Linda colgó después de que Jamie lo hiciera.

Esa noche, cuando Linda bajó al salón, Jamie estaba sentado frente al televisor. Silenció el volumen. ¿Cuántas veces podías escuchar las mismas estadísticas nefastas que unos locutores agobiados y exhaustos recitaban sin parar?

—Están dormidas —dijo Linda—. El perro se ha acostado entre las dos.

Habían llevado una cama pequeña del cuarto de invitados para que las dos amigas pudieran estar juntas en la habitación de Emma, porque, cada vez que se separaban, aunque fuera por poco tiempo, se alteraban mucho. Jamie no creía que conservaran ningún recuerdo de su amistad, pero era indudable que existía algún tipo de conexión entre ambas.

—Habrás dejado la puerta abierta para que podamos oírlas, ¿verdad?

—Claro —respondió Linda, distante y fría—. ¿Tienes cerveza?

—Hay un pack de doce en la nevera. Sírvete tú misma.

Volvió con dos latas y se sentó en el sofá junto a Jamie.

—No, gracias —dijo él.

—Las dos son para mí.
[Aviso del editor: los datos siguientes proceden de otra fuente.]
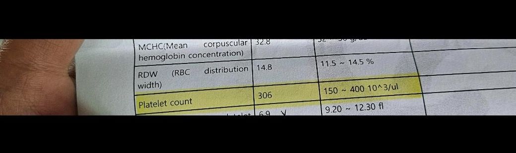 PLT수치는 이후에 한검사에서는 괜찮네요.
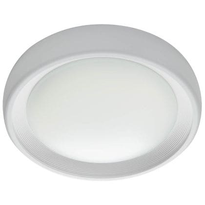Plafoniera in termoplastico. Diffusore in termoplastico opalino. Consumo 13W. Flusso luminoso nominale: 1550 lumen. Flusso luminoso reale: 1420 lumen. Classe di efficienza energetica: E Temperatura di colore: 4000°K. Luce naturale. illuminazione con 54 LED SMD 2835. Alimentazione: 230V. Classe di protezione: IP65 Potenza massima lampade: 13W
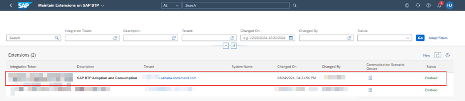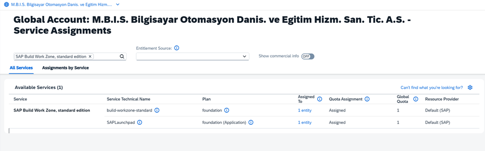 NOT: BTP Cockpit’te güncellemelerin gelmesi için BTP Cockpit’i yenilemeniz (refresh) gerekebilir.
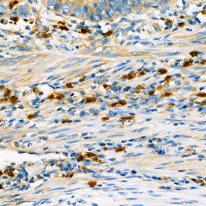 | IHC检测FCRL5蛋白(货号 GB111823). 样品: 人胃癌, 4%多聚甲醛 (货号G1101) 固定12-24小时. 抗原修复: 柠檬酸抗原修复液(干粉, pH 6.0) (G1201), 98℃, 20分钟. —抗: 1: 600稀释, 4℃ 孵育过夜. 二抗: HRP标记山羊抗兔IgG (H+L) (货号GB23303), 1: 200稀释, 室温孵育1小时. |
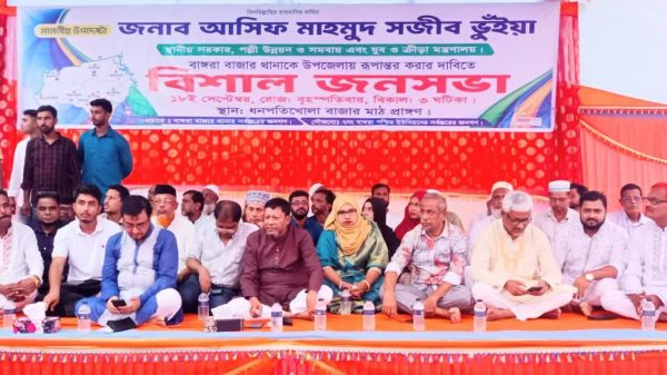 কুমিল্লার বাঙ্গরা বাজার থানাকে উপজেলা বাস্তবায়নের দাবিতে বিশাল সমাবেশে কুমিল্লার মুরাদনগর উপজেলার বাঙ্গরা বাজার থানাকে উপজেলা বাস্তবায়নের দাবিতে ৭নং বাঙ্গরা পশ্চিম ইউনিয়নের আয়োজনে সমাবেশ করা হয়েছে। বৃহস্পতিবার (১৮ সেপ্টেম্বর) বিকেলে
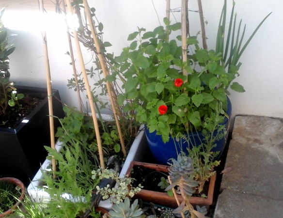 Night scented stock 1Here’s a favourite of mine, Night Scented Stock that is dotted all around the garden. The plant itself isn’t that impressive but the smell of the flower in the evening is great, especially if it’s near the back or front door. I sowed a load of the seed earlier this year in an old plastic Post Office container (found in the attic when we first moved in) and what’s good about that, is that it can be moved about for maximum effect.
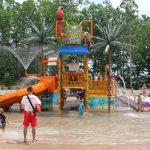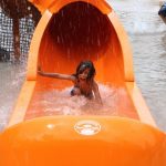 During the grand opening, children splashed in the water, sprayed each other with water jets, climbed up the play area to slide down either of its two slides, as their parents either relaxed on nearby lounge chairs or joined in the fun themselves.
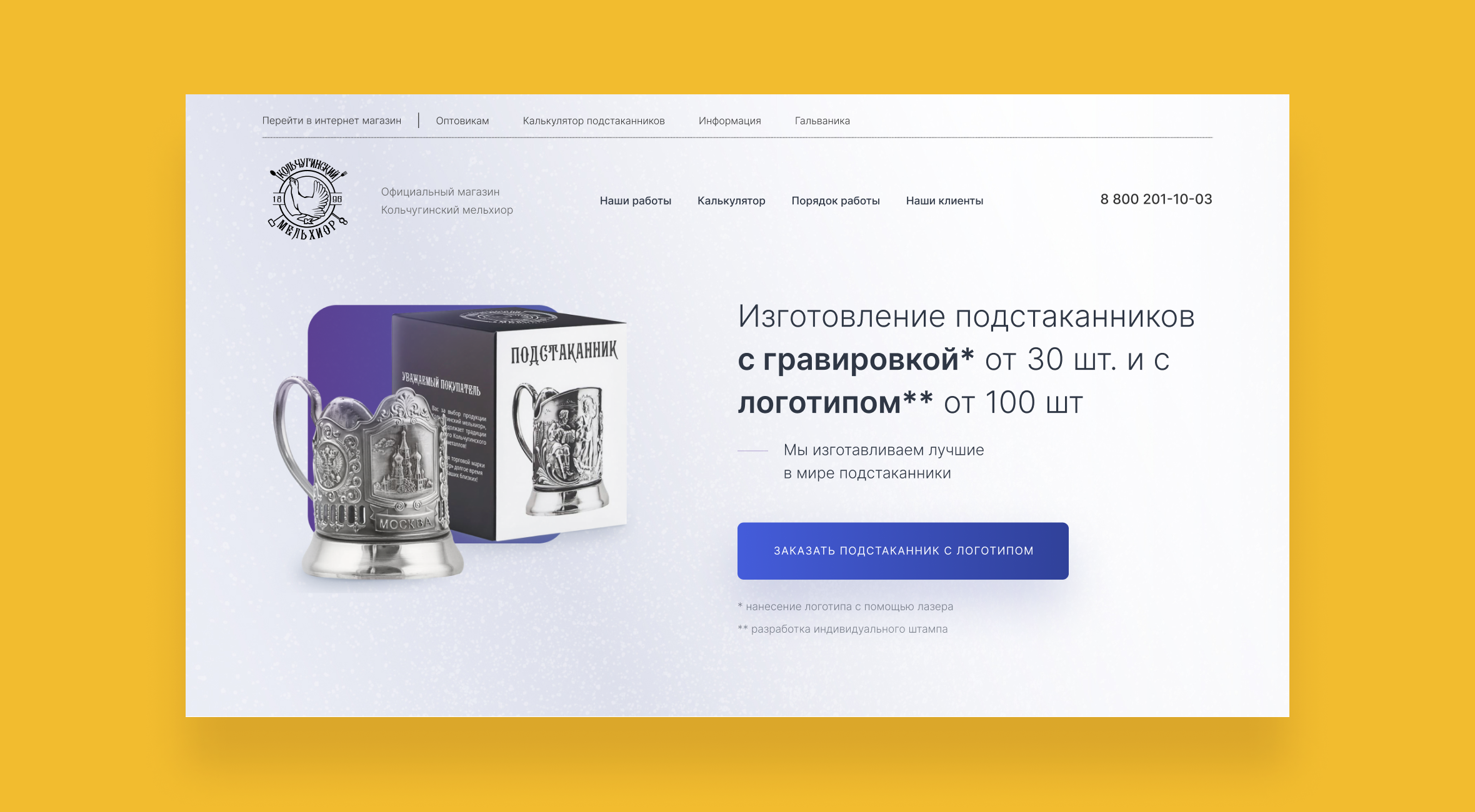 Страница «Калькулятор» помогает потенциальным клиентам просчитать стоимость будущего заказа через форму, где необходимо выбрать: тип пластины, металл, дизайн, упаковку и количество.
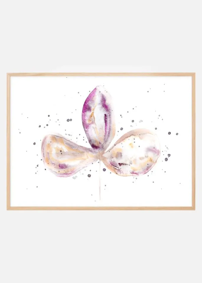 En lys plakat med tre lilla kronblade i midten af en hvid baggrund. Forskellige lilla toner skaber disse bløde, ekspansive blade. Punkter af lilla maling vælter ud fra bladene for at skabe en mere abstrakt stemning. Få farverne frem ved at hænge den op på en lilla væg.
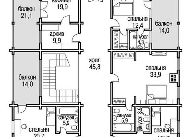 Дома от 208.6 до 326.5 м2. Участки от 20 до 35 соток.
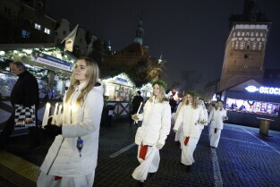 Gdańsk. Orszak św.Łucji na Jarmarku Bożonarodzeniowym.
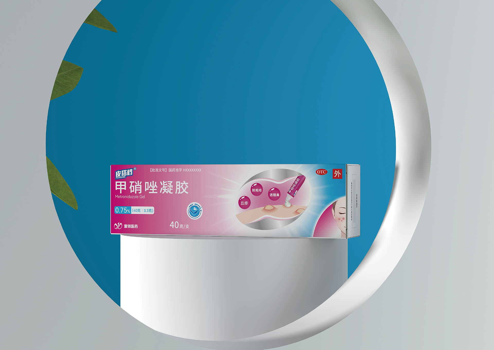 • 甲硝唑凝膠小盒:尺寸145×25×40mm,推薦燙銀工藝,銀色光澤呼應“科技藍”,提升專業精致感。
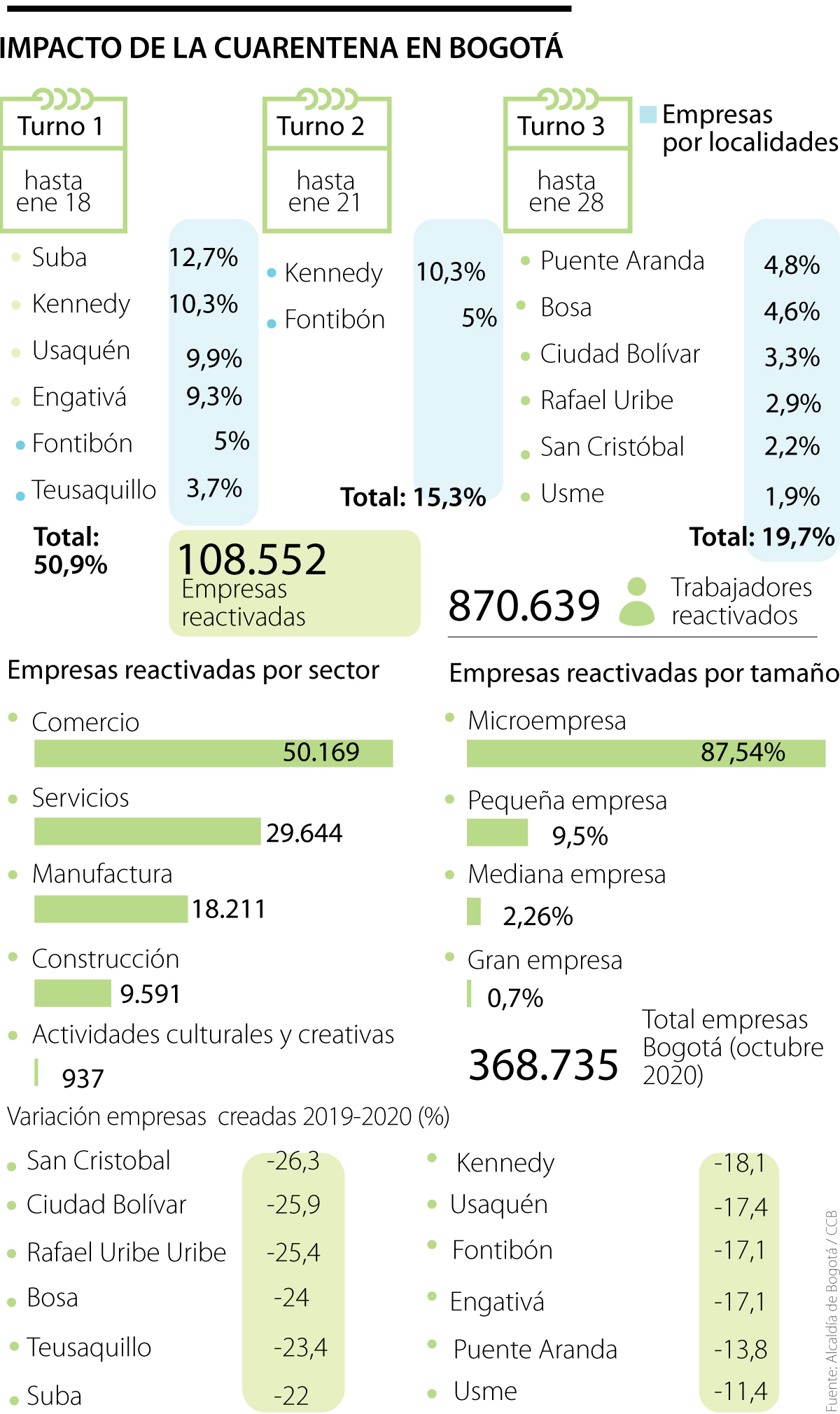 De estas, las primeras cuatro terminan su turno de cuarentena el lunes 18 a las 4:00 a.m., al tiempo que finaliza el toque de queda total de la ciudad. En cambio, en Kennedy y Fontibón, que en conjunto representan 15,3% del tejido empresarial capitalino, se levantará la restricción el próximo jueves 21 de enero a las 11:59 p.m.
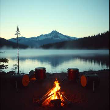 gene: conga set drums, music to listen to by the campfire on a camping holiday, by the lake mountain’s, emo, atmospheric
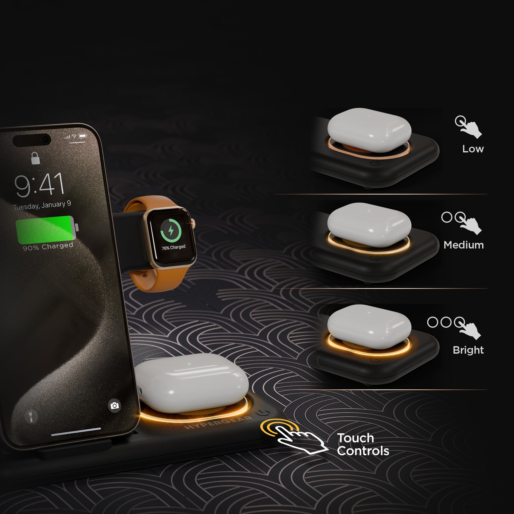HyperGear - Wireless Charging Stand 4 In 1 Powerfold X-Ray 15W Fast Charge Phone Airpods & Watch & 1 Usb-A Port - Black
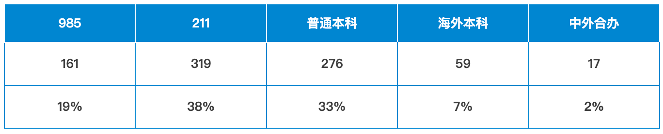 其中,本科院校背景来自985院校的共计161枚;来自211院校的共计319枚;来自普通本科的共计276枚;来自海外本科的共计59枚;来自中外合办的共计17枚。
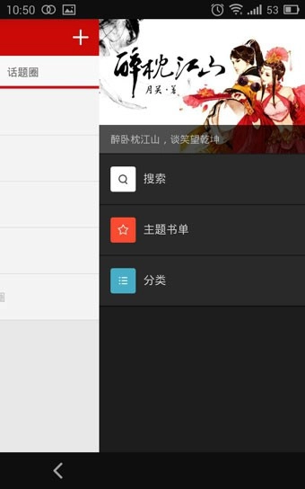 点击右侧的加号按钮后,会弹出搜索、主题书单和分类这三个选项。
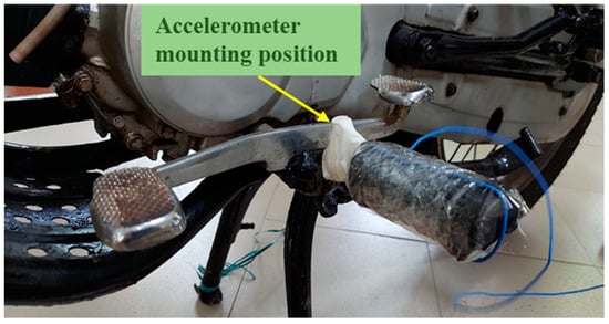 The measurement of the acceleration was carried out by mounting the accelerometer on the footrest of the two-wheeler. The two-wheeler was tested under an actual driving scenario considering both the rider and pillion with a payload of 160 kgf. The road considered was a normal asphalt road with potholes and humps. The footrest of the vehicle, as shown in Figure 1, was the strategic location considered for the study. A PCB Piezotronics accelerometer with a sensitivity of 103.6 mV/g mounted on the footrest, as shown in Figure 1, acquired the acceleration signals that were required to measure the rider’s comfort. The software used was the National Instrument’s LabVIEW software (LabVIEW 2019).
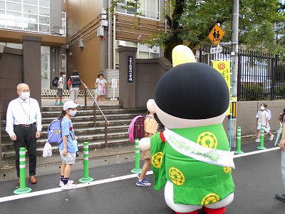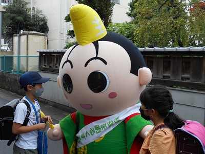 今日,「社会を明るくする運動」のマスコットキャラクターである社明(しゃめい)くんが北白川小学校に来てくれました!突然の登場に,子どもたちもびっくりしていました。
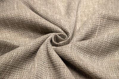 Gandi is een kamerhoog gordijn met een verfijnde, grafische weefstructuur die direct zichtbaar is in de stof zelf – geen print, maar een patroon dat ontstaat door het weven. In de stof is een regelmatig herhaald motief te zien van smalle, verticale V-vormige schakeringen die samen een rustig ritme vormen over het gehele oppervlak. Dit patroon is subtiel, maar duidelijk aanwezig en geeft het doek een mooie dieptewerking zodra het licht erop valt. De structuur is één van de sterke punten van Gandi. Het doek is opgebouwd uit fijne, strak geweven draden die samen een gelijkmatig raster vormen. Daaroverheen lopen iets dikkere inslagdraden die het V-patroon creëren. Hierdoor ontstaat een licht reliëf en een zachte schaduwwerking in het oppervlak. De stof voelt textielachtig en stevig aan, maar blijft tegelijk lichtdoorlatend en soepel in de plooi. Wanneer daglicht door het gordijn valt, wordt het licht zacht gefilterd. Het patroon blijft zichtbaar, wat de ruimte een gelaagde uitstraling geeft zonder het zicht volledig te blokkeren. Daardoor is Gandi zeer geschikt voor woonkamers, eetkamers en grote raampartijen waar een goede balans tussen privacy en licht gewenst is. Doordat de stof kamerhoog wordt geleverd, loopt het gordijn uit één stuk van plafond tot vloer. In combinatie met bijvoorbeeld een vlinder, of een rustige wave-plooi komt het verticale patroon extra goed tot zijn recht en wordt de hoogtewerking van de ruimte versterkt. Gandi is verkrijgbaar in zes zorgvuldig gekozen tinten, elk met een eigen karakter:
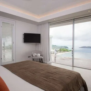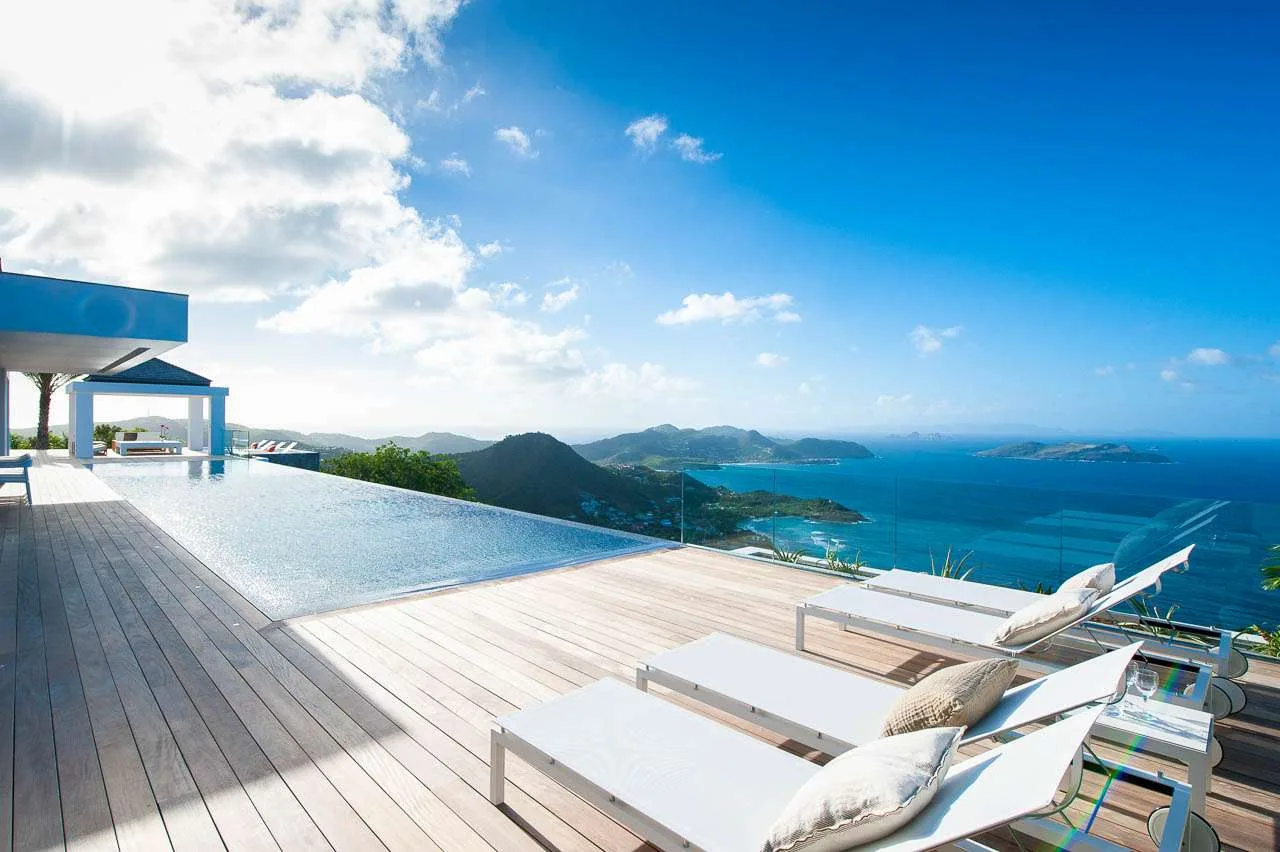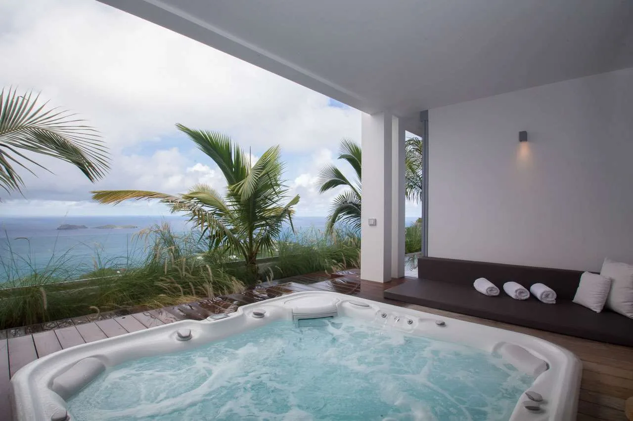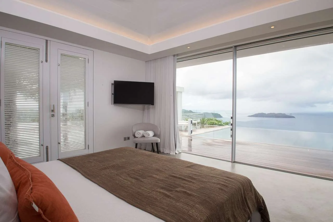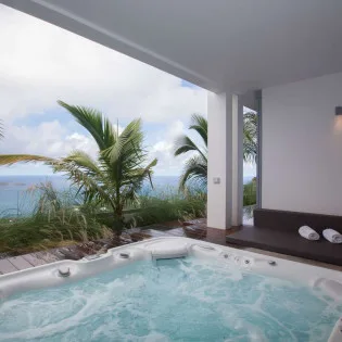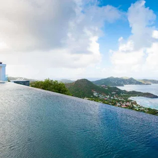 From everywhere, the unobstructed views are breathtaking. The panoramic vistas take in the islands of Île Toc Vers, Île Frégate, and Île Bonhomme, while in the distance is Saba, St. Martin, and Anguilla.

Así me ahorro un viaje. ¿Te parece bien?

—Sin problema.

—¿Alguna novedad en la tele?

—Un incremento brutal de casos. Caos político en Washington. Saqueos. Colas en las gasolineras. Retrasos en los servicios de emergencias. ¿Quieres más?

Linda contestó con un resoplido; era suficiente.

—Supongo que yo soy parte del problema —añadió.

—¿Qué quieres decir? —repuso Jamie.

—Mi jefe me ha estado enviando mensajes todo el día para que me reincorpore al servicio si estoy en condiciones. Pero de momento lo veo muy crudo.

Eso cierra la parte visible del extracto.